FIG. 1 is an explanatory diagram showing a configuration of a fuel cell system 10 according to an embodiment of the present invention. The fuel cell system 10 is mounted on the vehicle as a power source for the vehicle driven by the motor, and is also installed in the power generation facility. Examples of vehicles include passenger cars and buses. The fuel cell system 10 includes a fuel cell 50, a receptacle 100, a filling flow path 110, tanks TK1 to TK10, a supply flow path 200, and a control unit 300. The fuel cell system 10 includes a total of 10 tanks from tank TK1 to tank TK10. The tanks TK1 to TK10 are fuel gas tanks for storing hydrogen gas, which is a fuel gas, and are connected in parallel to the fuel cell 50. In FIG. 1, the tank TK1, the tank TK2, and the tank TK10 are shown, and the tanks TK3 to TK9 are not shown. In the following description, the reference numeral "TK" will be used when the ten tanks are collectively referred to, and any of the tanks TK1 to TK10 will be specified when the tanks are individually used. The same applies to the equipment configuration and flow path configuration for each tank, which will be described later.

The fuel cell 50 has a stack structure in which a plurality of single cells are stacked. Each single cell is configured by sandwiching a membrane electrode assembly having an anode and a cathode bonded to both sides of an electrolyte membrane having proton conductivity by a separator. The fuel cell 50 receives the supply of hydrogen gas and air, and generates electricity by an electrochemical reaction between hydrogen and oxygen.

The receptacle 100 is a filling port for hydrogen gas, which is a fuel gas, and is arranged in a lid of a vehicle (not shown). The receptacle 100 is equipped with a nozzle Gn of a hydrogen station, which is a gas filling source, when the fuel gas is filled. The receptacle 100 has a check valve 105. The check valve 105 prevents the backflow of the filled fuel gas.

The filling flow path 110 guides the fuel gas filled from the receptacle 100 to the tanks TK1 to TK10. The filling flow path 110 branches from the receptacle 100 toward each tank TK and is connected to the tank TK. A check valve Cv1 is provided in a flow path portion of the filling flow path 110 that branches toward the tank TK1. The check valve Cv1 prevents the fuel gas filled in the tank TK1 from flowing back toward the receptacle 100. The check valves Cv2 to Cv10 are check valves having the same configuration as the check valve Cv1 and are provided in the flow path portions of the filling flow path 110 branched toward the tanks TK2 to TK2 to 10. That is, the check valve Cv is provided in the filling flow path 110 for each tank TK, and when the gas pressure in the filling flow path 110 is higher than the gas pressure in the tank, the fuel gas is guided into the tank and the receptacle 100 is provided. Prevent gas backflow to the side.
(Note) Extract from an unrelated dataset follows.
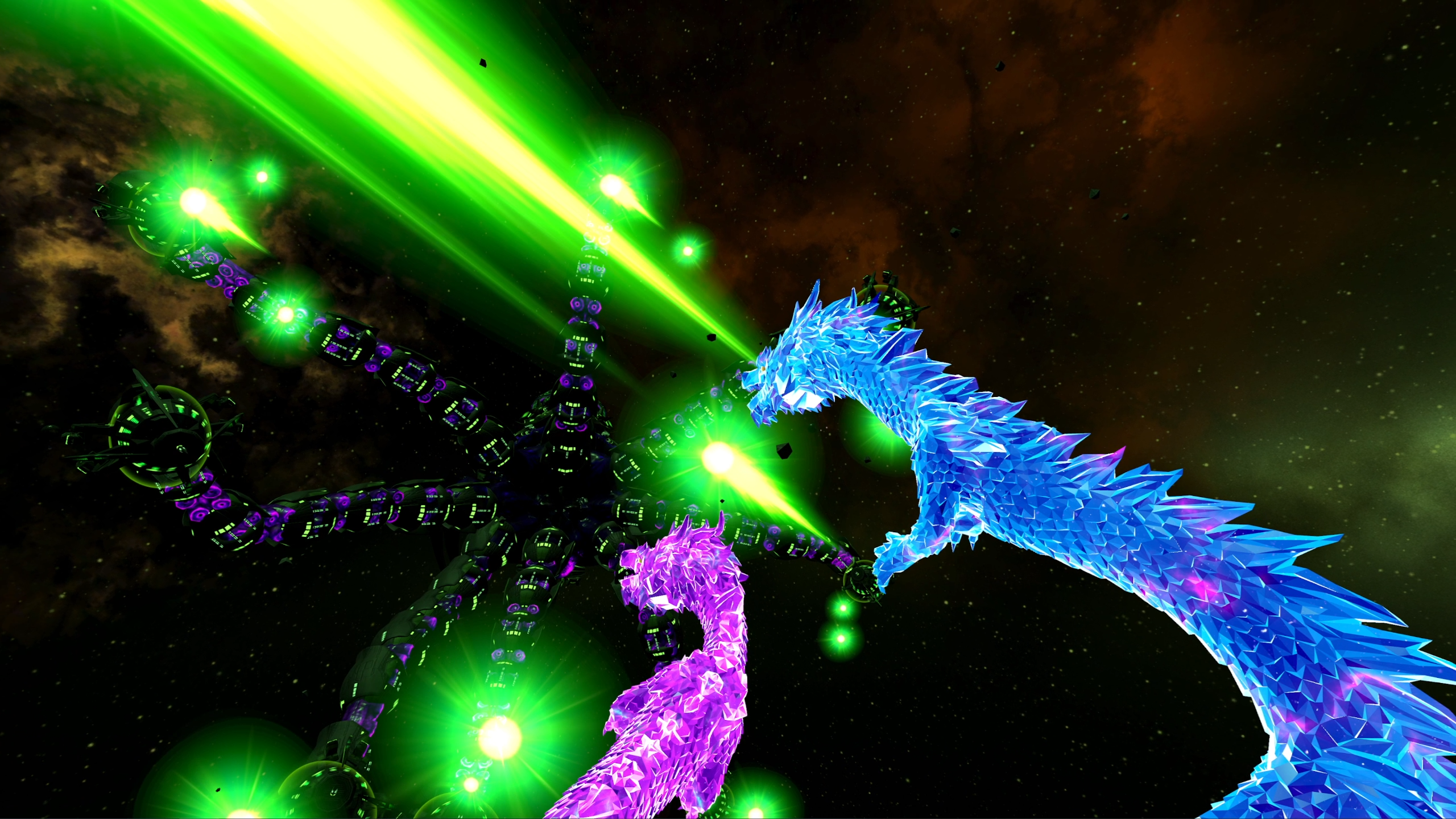 Возьмите под свой контроль пару маленьких космических драконов и проложите свой путь через космос с помощью нашей инновационной системы перемещения и поворота. Сражайтесь с армадами роботов, сражайтесь с гигантскими монстрами, исследуйте галактику!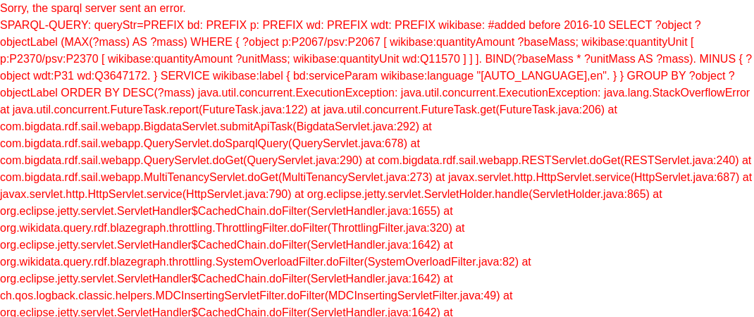 + "SELECT ?object ?objectLabel (MAX(?mass) AS ?mass) \n"

Further, the filling flow path 110 is provided with a pressure sensor 115. The pressure sensor 115 detects the gas pressure P0 in the filling flow path 110 and outputs the detected gas pressure to the control unit 300. Since the filling flow path 110 and the tank TK are connected, the gas pressure P0 measured by the pressure sensor 115 is the filling gas pressure at the time of gas filling, and at the time of power generation of the fuel cell 50. It can be regarded as the gas pressure P in each of the tanks TK1 to TK10 that supply gas to the fuel cell 50.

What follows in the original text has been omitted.